Валерий Есенков - Казнь. Генрих VIII
Лейтенант отвернулся и угрюмо молчал.
Слышал тинистый запах шелковистой воды, видел идущие невысокие берега и бездумно следил за сильными и мерными взмахами вёсел.
Ни беспокойства, ни страха не было. Он приготовил себя, только внутренне весь подобрался.
Спокойно вышел на берег, ухватившись за руку, поданную лейтенантом. Спокойно вошёл под своды Вестминстера, куда прежде входил много раз без конвоя.
Оставив его в первом зале, лейтенант отправился доложить о прибытии.
Солдаты, молчаливые, равнодушные ко всему, загородили копьями выход.
Под высоким каменным куполом воздух был такой же знобкий и затхлый, как и в заточении. Минут через пять задрожали колени, и Мор догадался, что заметно ослаб.
Это было некстати.
Сжав кулаки, то заклиная, то проклиная себя, старался держаться как можно прямей. Не хотел, чтобы ему сделалось стыдно, если невольную немощь старого тела, надолго запертого без воздуха и движенья в каменной тесноте, примут за позорную немощь как будто угасшего духа.

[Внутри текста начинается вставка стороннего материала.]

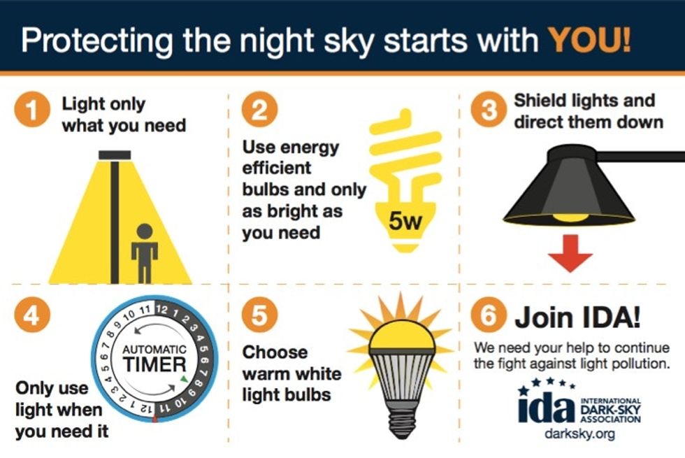 "That's the first thing people can do is look around their homes to make sure their lights are dark-sky friendly," Bishop said. "One of the most important things is to make sure [lights] are fully shielded because a lot of lighting and a lot of security lighting ... it's not going down on the ground, where it's actually needed; it's going up in the sky, which serves no purpose and just wastes energy."

Нет, дух не угас, но голова сама собой клонилась на грудь, и колени подгибались.
Старый привратник взял его под руку и подвёл к широкой деревянной скамье, беззубо шепча:
— Сядьте-ка, мастер, вам ещё долго нынче стоять.
Сел покорно, в ответ благодарно пожав сморщенную жёсткую руку.

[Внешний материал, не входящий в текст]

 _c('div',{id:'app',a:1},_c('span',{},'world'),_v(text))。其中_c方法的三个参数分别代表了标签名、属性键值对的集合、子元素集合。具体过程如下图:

Старик почтительно остался стоять, ещё крепкий, сухой, с выправкой бывшего воина, с опущенными вдоль тела руками в застарелых мозолях, заметных особенно там, где пальцы тёрлись о тетиву, с ввалившимся ртом и живыми глазами.
Посидев немного с опущенной головой, упрямо повторяя себе, что должен быть спокоен и твёрд, почувствовал себя лучше, уверенней и бодрей. Голова перестала томно кружиться, полегчавшее тело не обвисало больше к земле.

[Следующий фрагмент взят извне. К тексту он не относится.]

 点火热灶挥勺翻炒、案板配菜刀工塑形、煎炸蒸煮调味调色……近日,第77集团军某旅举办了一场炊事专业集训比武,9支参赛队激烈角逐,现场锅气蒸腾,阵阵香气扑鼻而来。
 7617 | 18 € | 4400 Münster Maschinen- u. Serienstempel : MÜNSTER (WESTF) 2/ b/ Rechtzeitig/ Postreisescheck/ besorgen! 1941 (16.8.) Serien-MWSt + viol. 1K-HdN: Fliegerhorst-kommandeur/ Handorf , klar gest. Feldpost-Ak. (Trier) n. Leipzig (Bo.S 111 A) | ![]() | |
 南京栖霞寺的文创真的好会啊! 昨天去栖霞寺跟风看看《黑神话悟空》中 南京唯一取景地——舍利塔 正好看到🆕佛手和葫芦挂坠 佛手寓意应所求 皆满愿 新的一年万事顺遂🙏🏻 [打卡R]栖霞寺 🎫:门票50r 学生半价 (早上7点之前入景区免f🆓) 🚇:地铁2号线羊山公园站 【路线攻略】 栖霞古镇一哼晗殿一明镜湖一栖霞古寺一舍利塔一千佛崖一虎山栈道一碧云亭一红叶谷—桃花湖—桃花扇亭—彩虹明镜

Поднял голову и негромко сказал:
— Спасибо тебе.
Старик ответил бесстрастно:
— Не стоит благодарности, мастер.
Ему понравилось это бесстрастие опытной старости. Философ угадывал в нём и холодное равнодушие к жизни, подходившей к концу, и какую-то редкую силу души, которой так в этот час не доставало ему.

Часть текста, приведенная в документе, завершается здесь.